## Information provided
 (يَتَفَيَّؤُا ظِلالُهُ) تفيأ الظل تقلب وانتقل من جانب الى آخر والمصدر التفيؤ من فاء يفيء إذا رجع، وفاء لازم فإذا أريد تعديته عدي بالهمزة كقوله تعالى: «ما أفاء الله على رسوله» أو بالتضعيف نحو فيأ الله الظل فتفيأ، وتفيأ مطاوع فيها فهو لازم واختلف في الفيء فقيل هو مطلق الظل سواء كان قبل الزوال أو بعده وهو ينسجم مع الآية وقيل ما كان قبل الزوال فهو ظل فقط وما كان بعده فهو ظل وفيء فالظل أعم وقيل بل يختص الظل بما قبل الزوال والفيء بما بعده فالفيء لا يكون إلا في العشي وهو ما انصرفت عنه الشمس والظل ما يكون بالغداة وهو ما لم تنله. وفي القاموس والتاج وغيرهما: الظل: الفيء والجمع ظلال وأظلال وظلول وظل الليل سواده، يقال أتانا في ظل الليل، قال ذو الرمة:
--
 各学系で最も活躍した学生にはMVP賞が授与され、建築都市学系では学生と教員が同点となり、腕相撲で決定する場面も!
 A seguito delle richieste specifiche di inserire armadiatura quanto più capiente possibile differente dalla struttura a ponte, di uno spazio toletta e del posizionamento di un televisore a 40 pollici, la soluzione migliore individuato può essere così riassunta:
...
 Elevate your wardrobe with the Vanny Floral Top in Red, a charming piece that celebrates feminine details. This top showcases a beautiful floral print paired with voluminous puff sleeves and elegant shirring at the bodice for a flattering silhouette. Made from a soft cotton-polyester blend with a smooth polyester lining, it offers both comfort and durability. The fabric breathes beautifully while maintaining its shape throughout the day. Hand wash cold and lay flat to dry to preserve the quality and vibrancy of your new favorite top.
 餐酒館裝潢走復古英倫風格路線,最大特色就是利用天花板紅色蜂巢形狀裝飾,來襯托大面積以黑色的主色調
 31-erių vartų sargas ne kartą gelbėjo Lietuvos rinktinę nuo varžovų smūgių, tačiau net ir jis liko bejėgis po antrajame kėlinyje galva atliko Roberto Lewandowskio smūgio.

## What this task involves
Copy out precisely the lines from the line with "各学系で最も活躍した学生には" to the line with "A seguito delle" in the material above, including those two lines and omitting all the rest.

## Reply
 各学系で最も活躍した学生にはMVP賞が授与され、建築都市学系では学生と教員が同点となり、腕相撲で決定する場面も!
 A seguito delle richieste specifiche di inserire armadiatura quanto più capiente possibile differente dalla struttura a ponte, di uno spazio toletta e del posizionamento di un televisore a 40 pollici, la soluzione migliore individuato può essere così riassunta:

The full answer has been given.